(WORKING DATA begins)
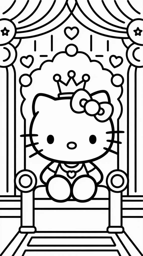 : Princess Hello Kitty, kawaii coloring book, royal Hello Kitty theme
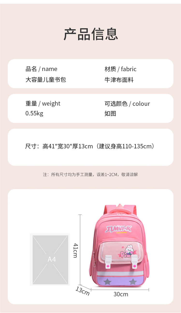 초등학교 스쿨 백 1, 2, 3 ~ 6 학년 소년 소녀 척추-대용량 배낭 감소
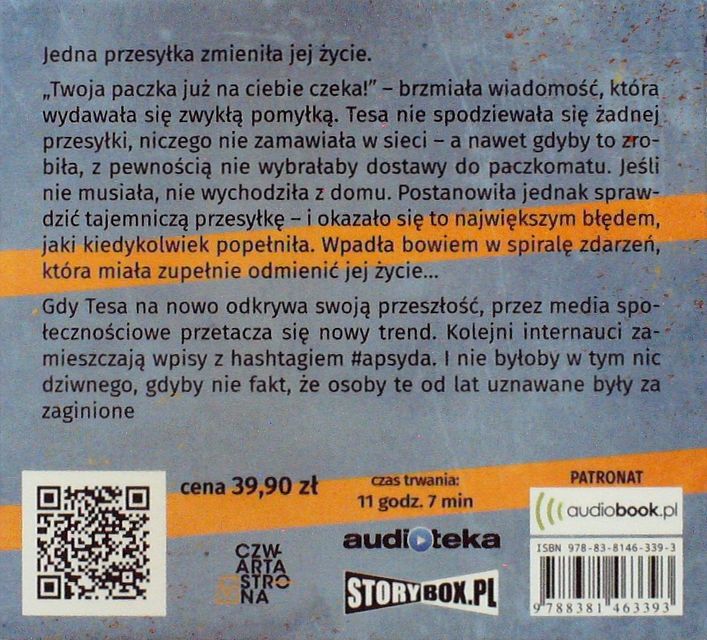 Niemniej jednak postanawia pojechać odebrać przesyłkę. W domu, gdy otwarta paczkę niesamowicie się zdziwiła jej zawartością, gdyż była tam ametystowa czaszka oraz kartka z jej imieniem i hashtagiem apsyda. Małżonkowie usiłują rozszyfrować, co to oznacza. Z czasem wpadają na pewien trop. Pod tym hashtagiem zaczynają pojawiać się posty z kont osób zaginionych oraz zmarłych. Sytuacja zaczyna się wytykać spod kontroli. W tajemnicy przed mężem Tesa postanawia skontaktować się ze Strachem, z którym kilka lat wcześniej zerwała kontakt. W międzyczasie kobietą dostaje kolejnego smsa z informacją o oczekujące na nią paczce. Po powrocie do domu dowiaduje się, że jej mąż zaginął. Tesa nie wie, co ma zrobić. Kierowana intuicja kontaktuje się ponownie ż byłym wykładowcą. Nagle sprawą zaczyna się interesować policja oraz media. Jak po nitce do kłębka wszystko wiąże się z Tesą, która wkrótce zostaje oskarżona o porwania i zabójstwa. Ukrywa się u Stracha. Bohaterka ma wrażenie jakby żyła w innym świecie, niektóre fakty z przeszłości zacierają się z rzeczywistością.
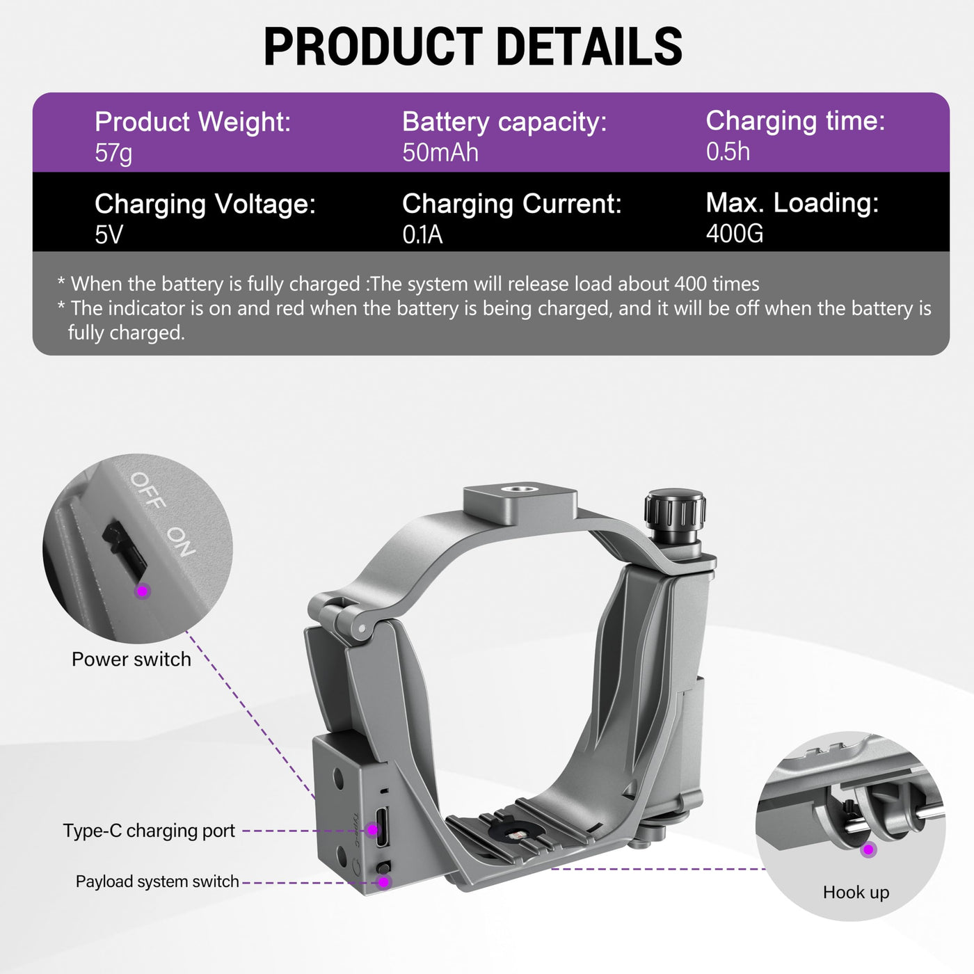 - 【What you get】1x Airdrop, 1x Charging cable, 3x circular ring, 1x release cable, 2x silicone pad, 1x instruction manual(Note:drone not included).
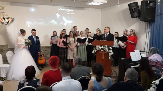 Дайте руки друг другу, отныне вдвоем озаренные счастьем пойдете вы вместе, путь далек перед вами
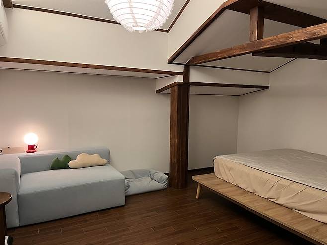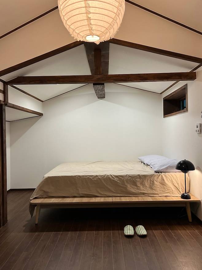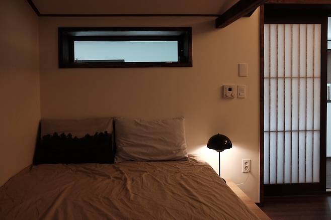침대가 들어갈 공간이 특히 층고가 낮고 또 곳곳에 노출된 구조물이 많기 때문에 헤드가 없는 평상형으로 개방감을 주고 싶었구요.
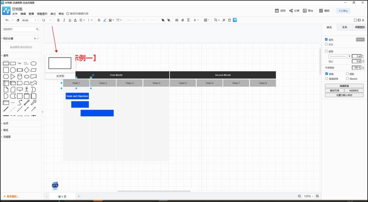 接下来,我们需要确定项目的任务和时间范围。确定好之后,点击左侧的图形工具栏进行添加,可以添加矩形,然后编辑任务内容和时间范围就可以了。
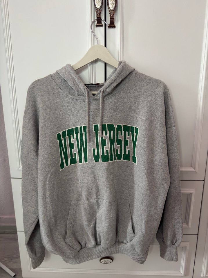 Gri New Jersey Baskılı Kapüşonlu Sweatshirt
(WORKING DATA ends)
# [EXERCISE REQUIREMENTS]
Please retype every record above exactly, leaving out the pictures.

# [SOLUTION FOR THIS TASK]
 : Princess Hello Kitty, kawaii coloring book, royal Hello Kitty theme
 초등학교 스쿨 백 1, 2, 3 ~ 6 학년 소년 소녀 척추-대용량 배낭 감소
 Niemniej jednak postanawia pojechać odebrać przesyłkę. W domu, gdy otwarta paczkę niesamowicie się zdziwiła jej zawartością, gdyż była tam ametystowa czaszka oraz kartka z jej imieniem i hashtagiem apsyda. Małżonkowie usiłują rozszyfrować, co to oznacza. Z czasem wpadają na pewien trop. Pod tym hashtagiem zaczynają pojawiać się posty z kont osób zaginionych oraz zmarłych. Sytuacja zaczyna się wytykać spod kontroli. W tajemnicy przed mężem Tesa postanawia skontaktować się ze Strachem, z którym kilka lat wcześniej zerwała kontakt. W międzyczasie kobietą dostaje kolejnego smsa z informacją o oczekujące na nią paczce. Po powrocie do domu dowiaduje się, że jej mąż zaginął. Tesa nie wie, co ma zrobić. Kierowana intuicja kontaktuje się ponownie ż byłym wykładowcą. Nagle sprawą zaczyna się interesować policja oraz media. Jak po nitce do kłębka wszystko wiąże się z Tesą, która wkrótce zostaje oskarżona o porwania i zabójstwa. Ukrywa się u Stracha. Bohaterka ma wrażenie jakby żyła w innym świecie, niektóre fakty z przeszłości zacierają się z rzeczywistością.
 - 【What you get】1x Airdrop, 1x Charging cable, 3x circular ring, 1x release cable, 2x silicone pad, 1x instruction manual(Note:drone not included).
 Дайте руки друг другу, отныне вдвоем озаренные счастьем пойдете вы вместе, путь далек перед вами
침대가 들어갈 공간이 특히 층고가 낮고 또 곳곳에 노출된 구조물이 많기 때문에 헤드가 없는 평상형으로 개방감을 주고 싶었구요.
 接下来,我们需要确定项目的任务和时间范围。确定好之后,点击左侧的图形工具栏进行添加,可以添加矩形,然后编辑任务内容和时间范围就可以了。
 Gri New Jersey Baskılı Kapüşonlu Sweatshirt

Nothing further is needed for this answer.